1) Selling your house bought on loan within five years of buying it

If you take a home loan to buy a house, you are entitled to exemption on the re-payment of the principal under Section 80C. You can claim exemption up to Rs 1 lakh under this head. However, if you sell the house within five years of buying it, you will lose this exemption in the year you sell the house. For that year, the principal amount gets added to your income and you will be taxed according to your income slab.

However, the exemption for interest paid, under Section 24 (b), will not be withdrawn.

2) Surrendering a life insurance policy within two years

Premiums paid towards life insurance policy are also exempt under Section 80C, up to a maximum of Rs 1 lakh.

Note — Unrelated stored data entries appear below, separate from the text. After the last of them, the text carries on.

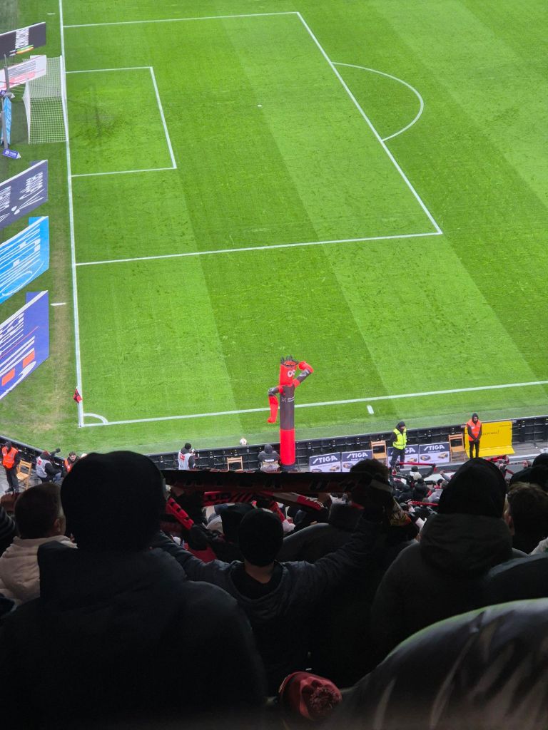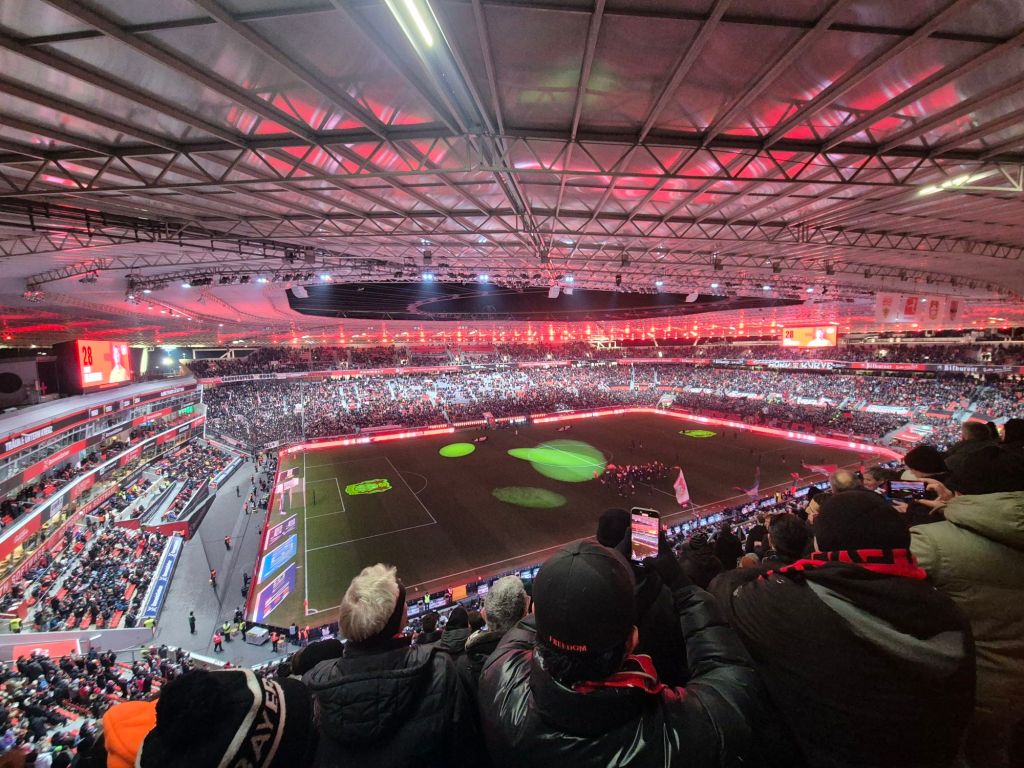 Anfang Januar – die Schneewalze rollt ungewohnterweise über den Norden Deutschlands – Deutschland friert ein. Alles ist kalt, nass und trostlos – nach kurzer Überlegung: eigentlich muss man da was machen, worauf man auch bei guten Wetter absolut keinen Bock drauf hat. Also ab nach Leverkusen. Leverkusen ist eine Planstadt, die erst in den 70er Jahren im heutigen Stadtbild entstand. Rund 169.000 Einwohner*Innen (das fand ich hart überraschend) wohnen in der Stadt in Nordrhein-Westfalen. Der Hauptarbeitgeber dort ist sehr überraschend: Bayer. Außerdem ist es wirklich hässlich dort. Ich glaub zur Geschichte von Leverksuen muss ich euch nicht viel erzählen, die ehemalige Werkself schaffte es in der Saison 2023/24 den „Vizekusen“ Fluch zu brechen und erstmalig Meister zu werden. Die BayArena wurde 1956 erbaut und mehrmalig umgebaut. 1999 wurde kurioserweise ein Hotel an die Nordtribüne gebaut, googelt mal die Übernachtungspreise. 2007 – 2010 wurde die Arena zuletzt umgebaut und auf 30.210 Plätze erweitert. Nun muss ich mal richtig randen: Bayer Leverkusen spielt seit 1979 ununterbrochen in der 1. Bundesliga – und die Ordner*Innen bekommen es nichtmal im Heimbereich hin durch einen reibungslosen und vor allem logischen Ablauf einen schnellen Eintritt ins Stadion zu ermöglichen. Vom Gästeblock hört man ja nur das allerschlimmste. Aber nichtmal im Heimbereich funktioniert es. Vielleicht hat man das ja in 50 Jahren dann im Griff. Positiv überrascht war ich davon wie steil das Stadion ist, ich mag ja Steilkurven sehr gerne – aber wer Höhenangst hat sollte lieber auf den Oberrang verzichten. Danke für die Tickethilfe übrigens! Am selben Tag wurde den Ultras von Leverkusen eine Choreo verboten, worauf man die Banner umdrehte und teilweise auf Support verzichtete, teilweise aber Support leistete. Wirkte etwas unentschlossen. Der Auswärtsblock aus Stuttgart war wie erwartet wieder sehr gut anzuschauen. Mir gefällt ja auch der Stil der Stuttgarter Ultras. Vielleicht sollte von den ganzen Millionenbeiträgen, die mittlerweile im Fußball und auch in Leverkusen kursieren auch mal eine neue Soundanlage für das Stadion gekauft werden – die ist ja sowas von dermaßen unterirdisch. Zwischendurch kam es dann kurioserweise im Familienblock zu einer kurzen aber durchaus heftigen Schlägerei – keine Ahnung warum, aber unterhaltsam wars definitiv. Spielerisch unterhaltsam war das Spiel auch, der VFB konnte innerhalb kurzer Zeit mit 0:4 in Führung gehen. Und nach dem Halbstand verließen bestimmt 20 % das Stadion. Man reitet da weiterhin auf einer Erfolgsfanwelle. Auch einen Menschen aus Südkorea, der mich nach einem Bild für Insta fragte: der übrigens 2 TÜTEN Merch dabei hatte und die erste Halbzeit im Trikot ohne Jacke (inklusive Preisschild) schaute – tauchte nach der ersten Halbzeit nicht mehr auf. Bin mir aber nicht mehr sicher ob die Liebe für den etwas merkwürdigen Verein nach der ersten Halbzeit brach, oder ob er einfach bei Temperaturen unter dem Gefrierpunkt erfroren ist. In der zweiten Halbzeit konnte Leverkusen ein Tor machen, war wichtig für mich: in Leverkusen wollte ich unbedingt die Torhymne hören. Die mag ich und das konnte erledigt werden. Bisschen überrascht hat mich die Anzahl der quasi völlig regungslos besoffenen, keine Ahnung ob das dort immer so ist. Ground erledigt, Stadt erledigt – ich komm nie (vermutlich) nie wieder!
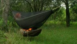 Du kan selvfølgelig blot bruge det som et velventilerende og luftigt nettelt på de varme og tørre sommernætter, men ellers overdækker du Core-Tent® Lodger med en vandtæt tarp, så det på et øjeblik forvandles til et ultralet telt. Placeres under en passende tarp kan endog to meget høje mennesker ligge i ly for vind og vejr.
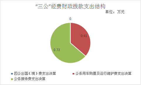2019年“三公”经费财政拨款支出决算中,因公出国(境)费支出决算0.00万元,占0.00%;公务用车购置及运行维护费支出决算0.41万元,占36.28%;公务接待费支出决算0.72万元,占63.72%。具体情况如下:
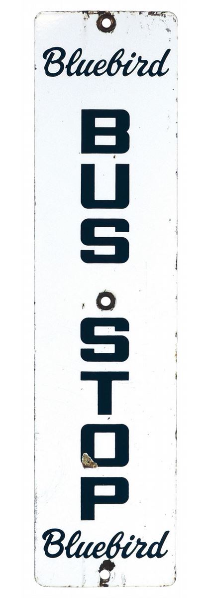 Automobilia, sign, Bluebird Bus Stop, porcelain, VG+ cond, 24"H x 6"W.

If you purchase a life insurance policy and realise it does not meet your needs or the premium is more than what you expected, you may decide to discontinue the policy. However, if you surrender the policy within two years, you will lose the exemption on the premium paid.

3) Withdrawing provident fund amount before five years

If the amount contributed to provident fund (PF) is withdrawn before five years of continuous service (subject to specified conditions), the exemption / deduction availed at the time of making the contribution shall be withdrawn in the year of PF withdrawal.

Many of us withdraw our PF money while changing jobs. But if it is within five years, then not only will the PF money be taxed upon withdrawal, but the tax exemption received in the previous year will also be withdrawn.

4) Selling of property, which is exempt from capital gains, within three years of purchase

When you sell a property, you can claim exemption from capital gains under Section 54 of the I-T Act by investing in house property. For instance, if you had purchased a property for Rs 40 lakh and sold it later on for Rs 1 crore, you can claim exemption for the Rs 60 lakh profit by investing in another house. However, if you sell the second house within three years, then the exemption claimed earlier will be withdrawn. The entire amount will be added to your income (in this case Rs 60 lakh) and you will be taxed accordingly.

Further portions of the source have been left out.